Forum OpenACS Development: Re: document to text conversion in search indexer

Collapse
Posted by Roger Metcalf on
Have you come up with a solution for the problem of re-converting documents during display?  I'm in need of document conversion for the purpose of indexing esp. for msword and pdf files.  Can you share your search_content_filter for doing these conversions?
Collapse
Posted by Tilmann Singer on
No solution for that problem yet, sorry. As mentioned in the discussion above it would be necessary to store a text version in parallel to the binary somewhere, and the project I would have needed it for went another route before that was sorted out.

Below is my version of the search_content_filter, which does pdf and word conversion, but it is just in a testing state. Among other things the executables for the conversion need to be parametrized. Also you need to switch off the abstracts display upon search results obviously, otherwise the conversion is triggered on every results page for each pdf and word document found.

ad_proc search_content_filter {
    _txt
    _data
    mime
} {
    @author Neophytos Demetriou
} {
    upvar $_txt txt
    upvar $_data data

    ns_log notice "!> search_content_filter +++ $mime"
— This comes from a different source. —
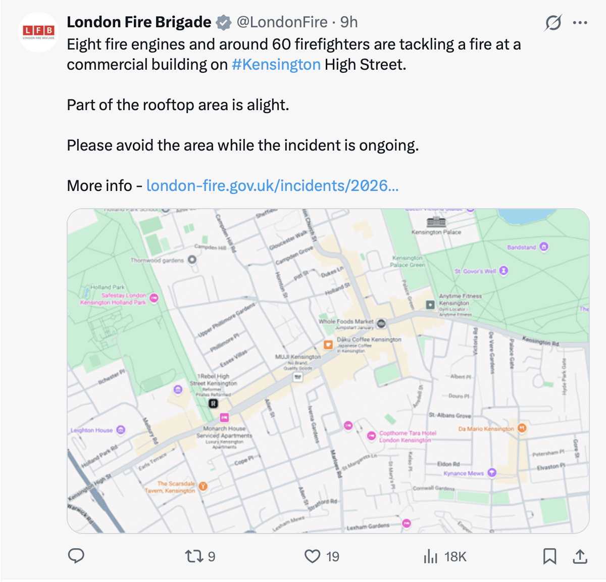 An LFB spokesperson said: “Twelve fire engines and around 80 firefighters tackled a fire at a commercial building on Kensington High Street in Kensington.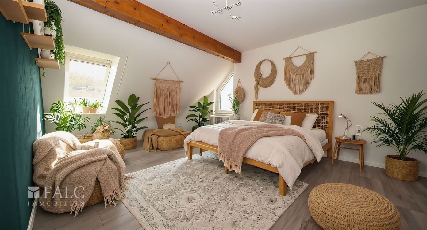 Durch den direkten Zugang zum Dachgeschoss in dieser Wohnung bietet sich die reizvolle Möglichkeit, die Decke zu öffnen – etwa für eine lichtdurchflutete Galerie oder ein zusätzliches Schlafzimmer mit besonderem Charme.

    set file_ending(application/msword) doc
    set conversion_code(application/msword) {exec catdoc -d utf-8 $tmp_orig > $tmp_txt}

    set file_ending(application/pdf) pdf
    set conversion_code(application/pdf) {exec pdftotext -enc UTF-8 $tmp_orig}

    switch $mime {
        {text/plain} {
            set txt $data
        }
        {text/html} {
            set txt $data
        }
        {application/pdf} - 

        {application/msword} {
            # convert to text

            # get tempfile name
            set tmpnam [ns_tmpnam]
            set tmp_orig "$tmpnam.$file_ending($mime)"
            set tmp_txt "$tmpnam.txt"

            # write original data to tmpfile
            set tmp_orig_fp [open $tmp_orig w]
            fconfigure $tmp_orig_fp -encoding binary
            puts $tmp_orig_fp $data
            close $tmp_orig_fp

            # call conversion program
            eval $conversion_code($mime)

            # read temporary text file
            set tmp_txt_fp [open $tmp_txt]
            fconfigure $tmp_txt_fp -encoding utf-8
            set txt [read $tmp_txt_fp]
            close $tmp_txt_fp

            # delete tmp files
            file delete $tmp_orig
            file delete $tmp_txt
        }
    }
}